◆ Material supplied ◆

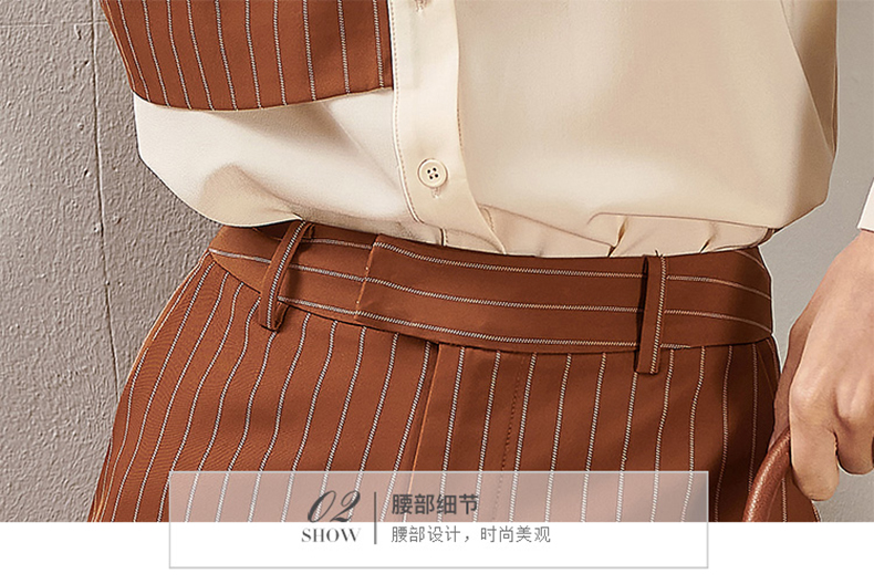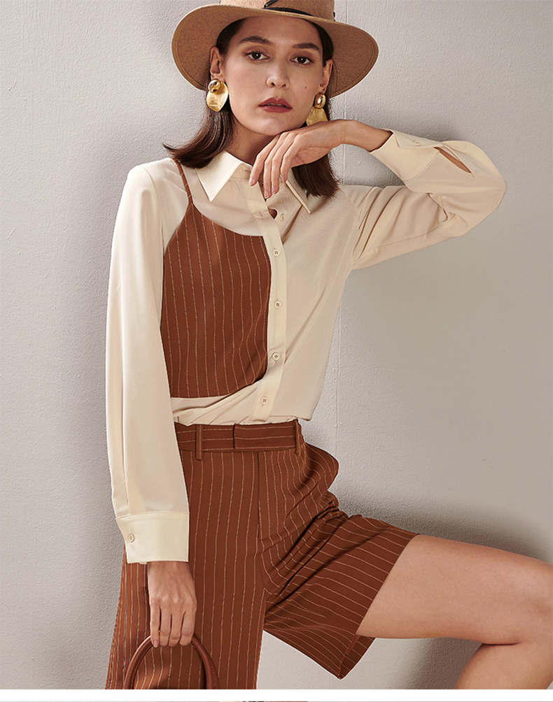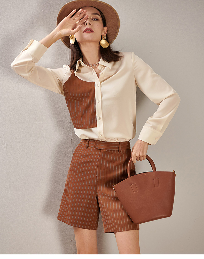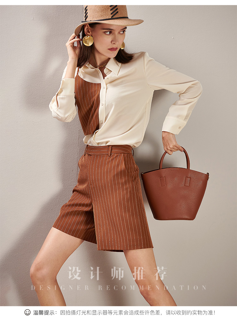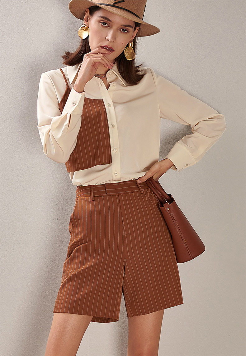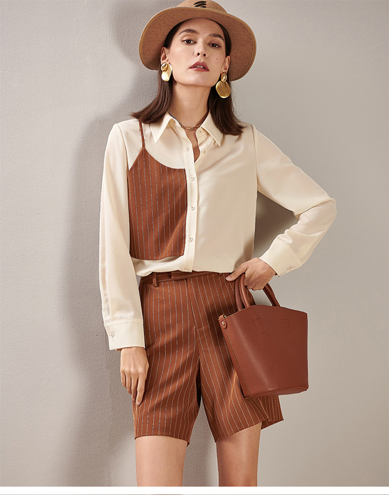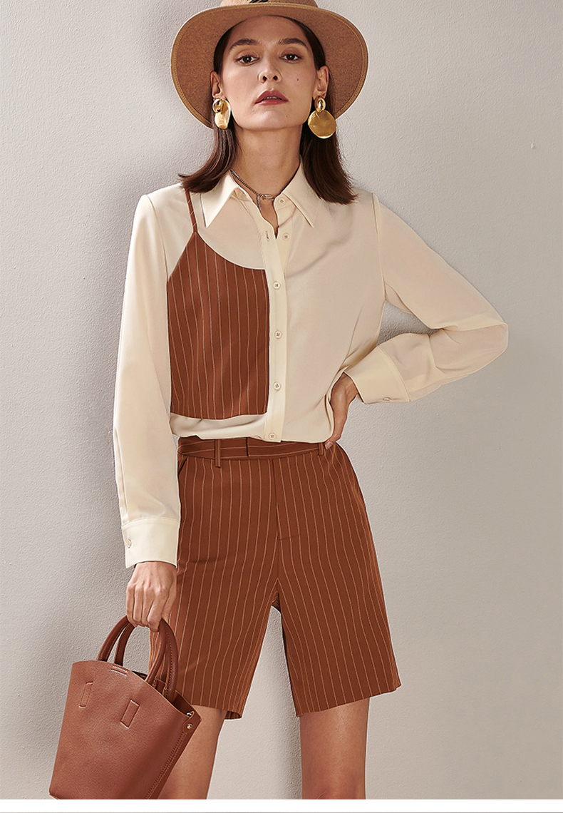 剩XL 芳外春季新款时尚套装拼接长袖衬衫条纹直筒短裤两件套女0194
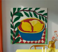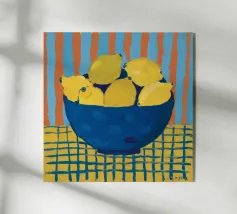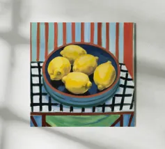 Una moderna natura morta di tre limoni in una scatola, su uno sfondo di foglie verdi e motivi grafici in bianco e nero. La composizione è un mix sorprendente di forme naturali e design grafico.
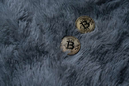 Digital currency physical metal bitcoin coin on the gold bitcoins. Gold money concept.
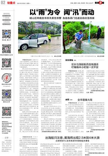 早报9月5日讯 5日晚,崂山区委副书记、区长王锋在现场调度防汛工作时强调,近期崂山区持续降雨,防汛形势十分严峻。各级各部门要把人民群众生命财产安全放在首要位置,坚决克服麻痹大意思想,杜绝任何侥幸心理,压紧压实各环节责任,全力做好防汛抢险准备,严防出现人员伤亡事故。
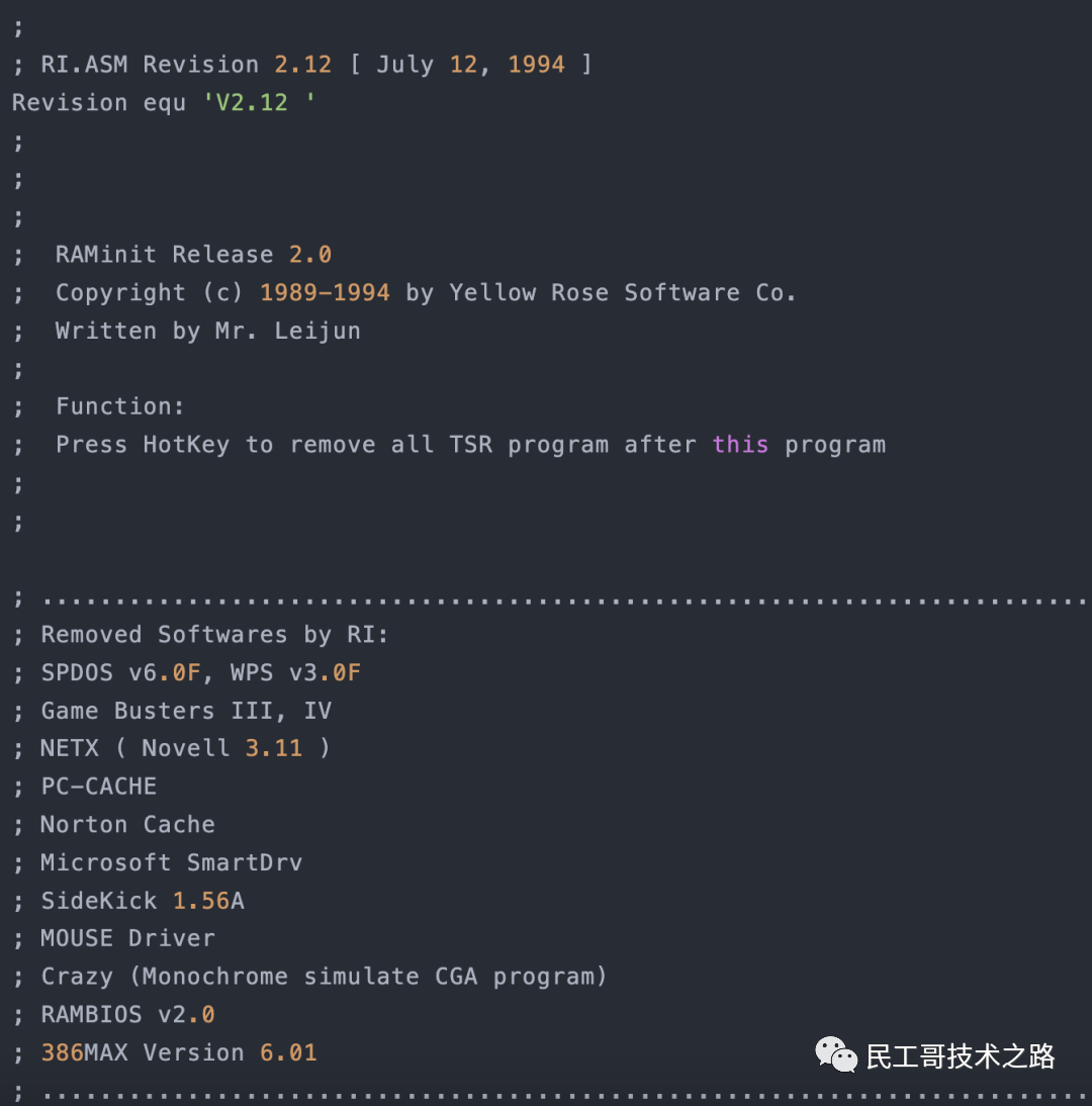 在1990年代初,编写汇编程序需要深入了解硬件和操作系统的内部结构。评判这段代码时,我们需要考虑当时的编程技术、风格和实践。以下是一些评价标准:

◆ Your goal ◆
Please retype only the lines from the line that holds "早报9月5日讯 5日晚,崂山" through the end of the records, exactly as they stand, and drop every picture.

◆ Written solution ◆
 早报9月5日讯 5日晚,崂山区委副书记、区长王锋在现场调度防汛工作时强调,近期崂山区持续降雨,防汛形势十分严峻。各级各部门要把人民群众生命财产安全放在首要位置,坚决克服麻痹大意思想,杜绝任何侥幸心理,压紧压实各环节责任,全力做好防汛抢险准备,严防出现人员伤亡事故。
 在1990年代初,编写汇编程序需要深入了解硬件和操作系统的内部结构。评判这段代码时,我们需要考虑当时的编程技术、风格和实践。以下是一些评价标准:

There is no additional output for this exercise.